BEGIN

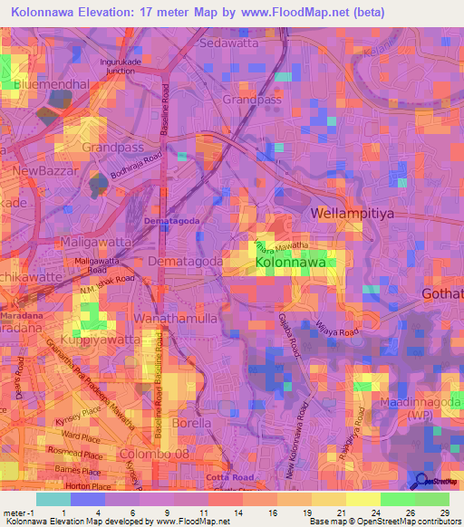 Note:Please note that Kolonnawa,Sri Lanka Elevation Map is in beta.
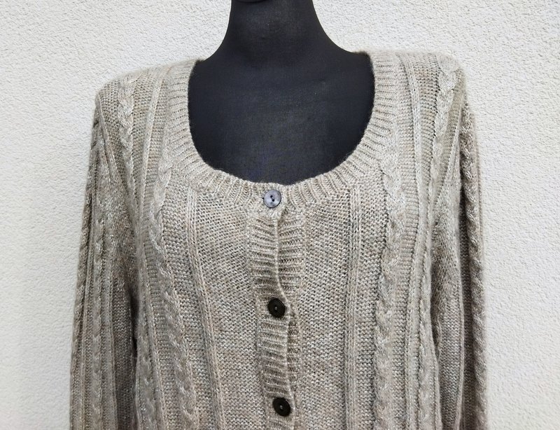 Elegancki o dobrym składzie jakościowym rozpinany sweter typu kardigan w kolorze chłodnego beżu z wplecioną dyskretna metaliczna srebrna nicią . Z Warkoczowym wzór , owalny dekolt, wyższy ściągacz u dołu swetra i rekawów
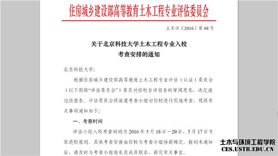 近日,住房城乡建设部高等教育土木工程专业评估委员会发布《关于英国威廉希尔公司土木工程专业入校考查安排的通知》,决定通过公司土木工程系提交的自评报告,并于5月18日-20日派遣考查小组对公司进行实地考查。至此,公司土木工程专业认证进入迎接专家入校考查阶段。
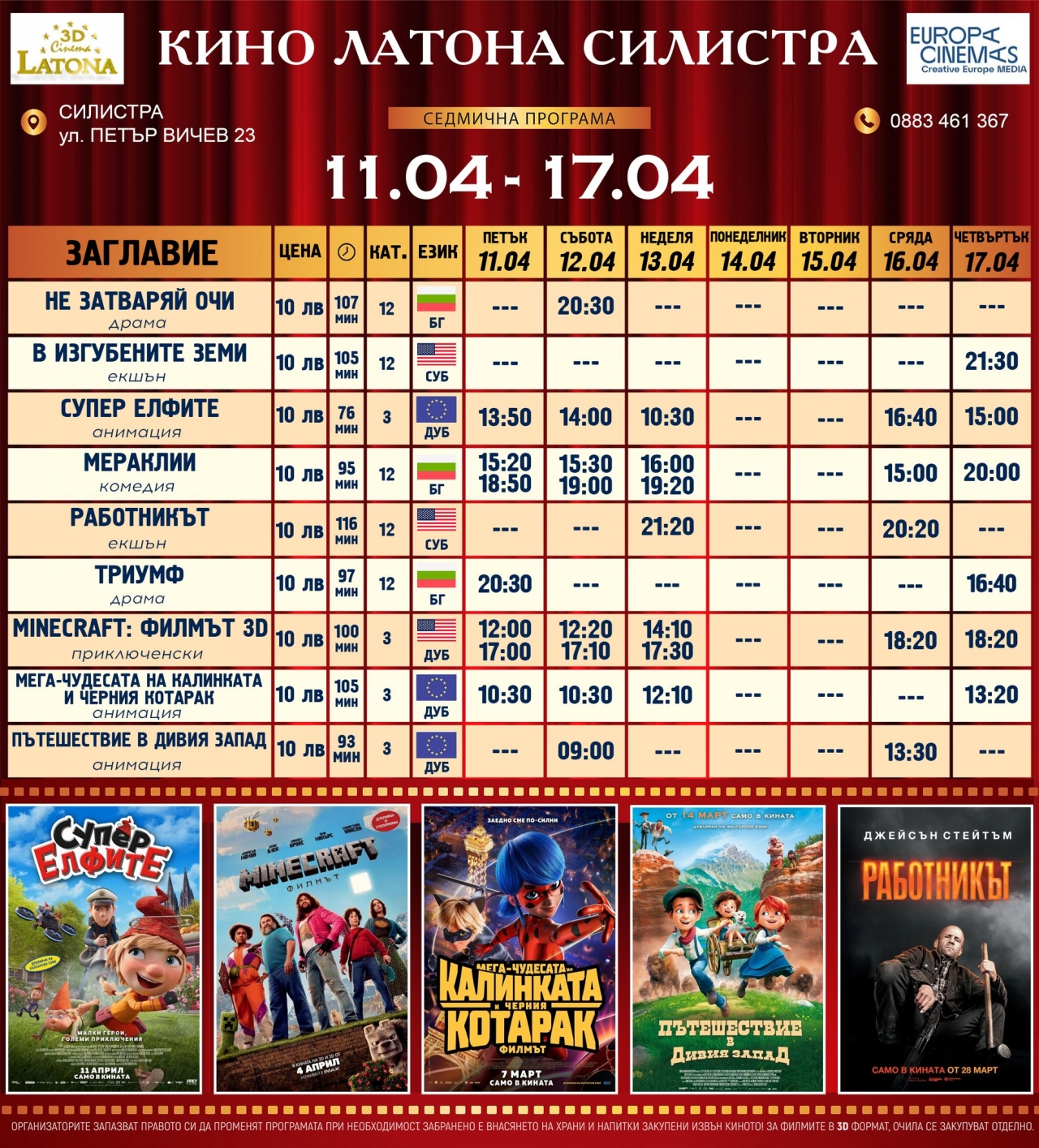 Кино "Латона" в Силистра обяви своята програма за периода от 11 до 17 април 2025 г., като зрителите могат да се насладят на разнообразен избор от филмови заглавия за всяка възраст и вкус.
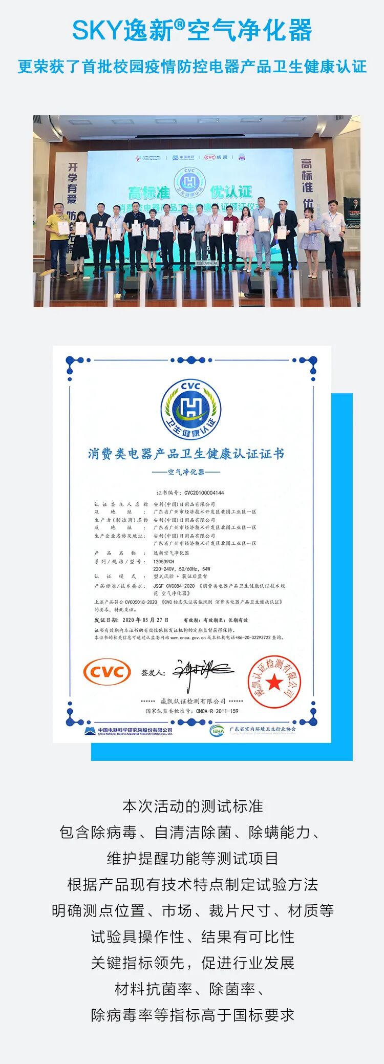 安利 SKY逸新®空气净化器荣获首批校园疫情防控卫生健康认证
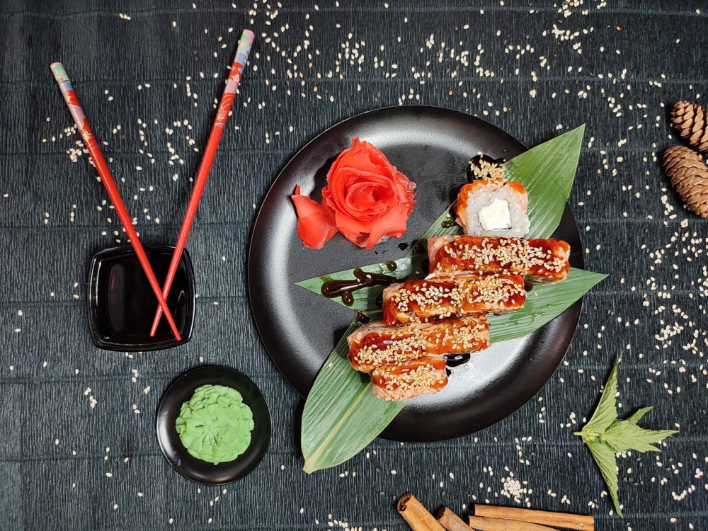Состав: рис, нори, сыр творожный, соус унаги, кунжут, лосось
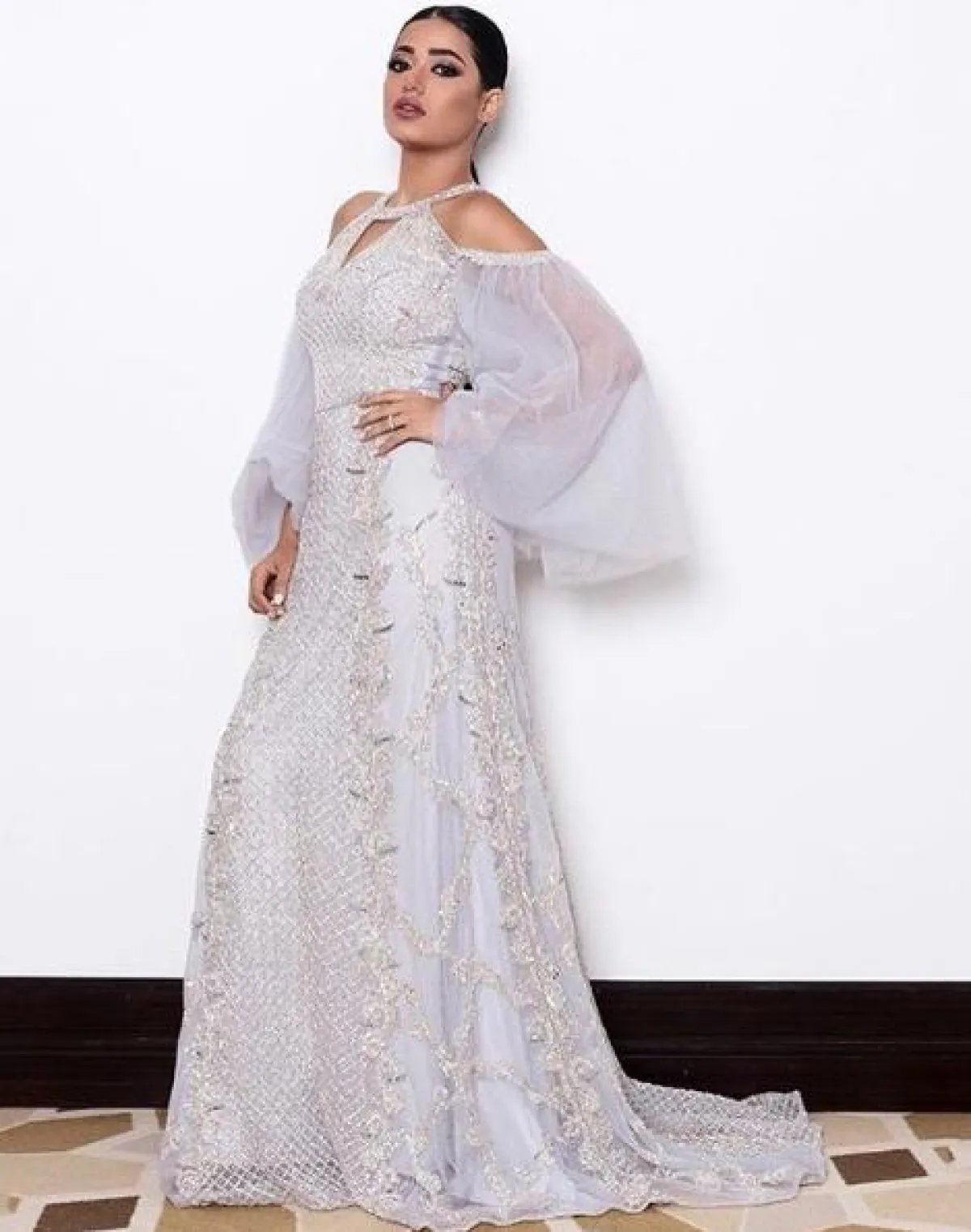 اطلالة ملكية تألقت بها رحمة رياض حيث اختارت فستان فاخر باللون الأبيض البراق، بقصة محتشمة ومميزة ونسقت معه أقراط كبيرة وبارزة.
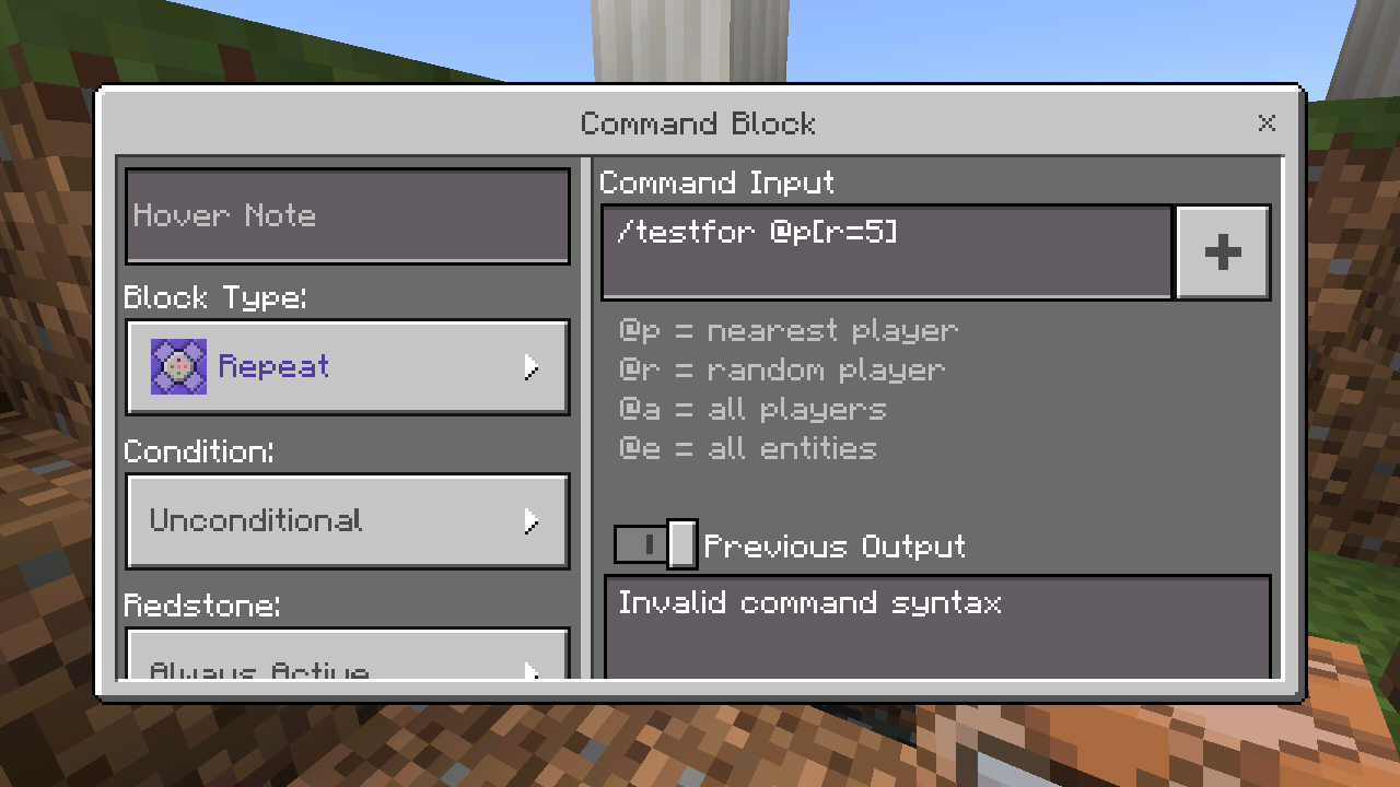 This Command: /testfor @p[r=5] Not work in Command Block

END

Give back each line above exactly, with pictures dropped.

**Expected answer**
 Note:Please note that Kolonnawa,Sri Lanka Elevation Map is in beta.
 Elegancki o dobrym składzie jakościowym rozpinany sweter typu kardigan w kolorze chłodnego beżu z wplecioną dyskretna metaliczna srebrna nicią . Z Warkoczowym wzór , owalny dekolt, wyższy ściągacz u dołu swetra i rekawów
 近日,住房城乡建设部高等教育土木工程专业评估委员会发布《关于英国威廉希尔公司土木工程专业入校考查安排的通知》,决定通过公司土木工程系提交的自评报告,并于5月18日-20日派遣考查小组对公司进行实地考查。至此,公司土木工程专业认证进入迎接专家入校考查阶段。
 Кино "Латона" в Силистра обяви своята програма за периода от 11 до 17 април 2025 г., като зрителите могат да се насладят на разнообразен избор от филмови заглавия за всяка възраст и вкус.
 安利 SKY逸新®空气净化器荣获首批校园疫情防控卫生健康认证
Состав: рис, нори, сыр творожный, соус унаги, кунжут, лосось
 اطلالة ملكية تألقت بها رحمة رياض حيث اختارت فستان فاخر باللون الأبيض البراق، بقصة محتشمة ومميزة ونسقت معه أقراط كبيرة وبارزة.
 This Command: /testfor @p[r=5] Not work in Command Block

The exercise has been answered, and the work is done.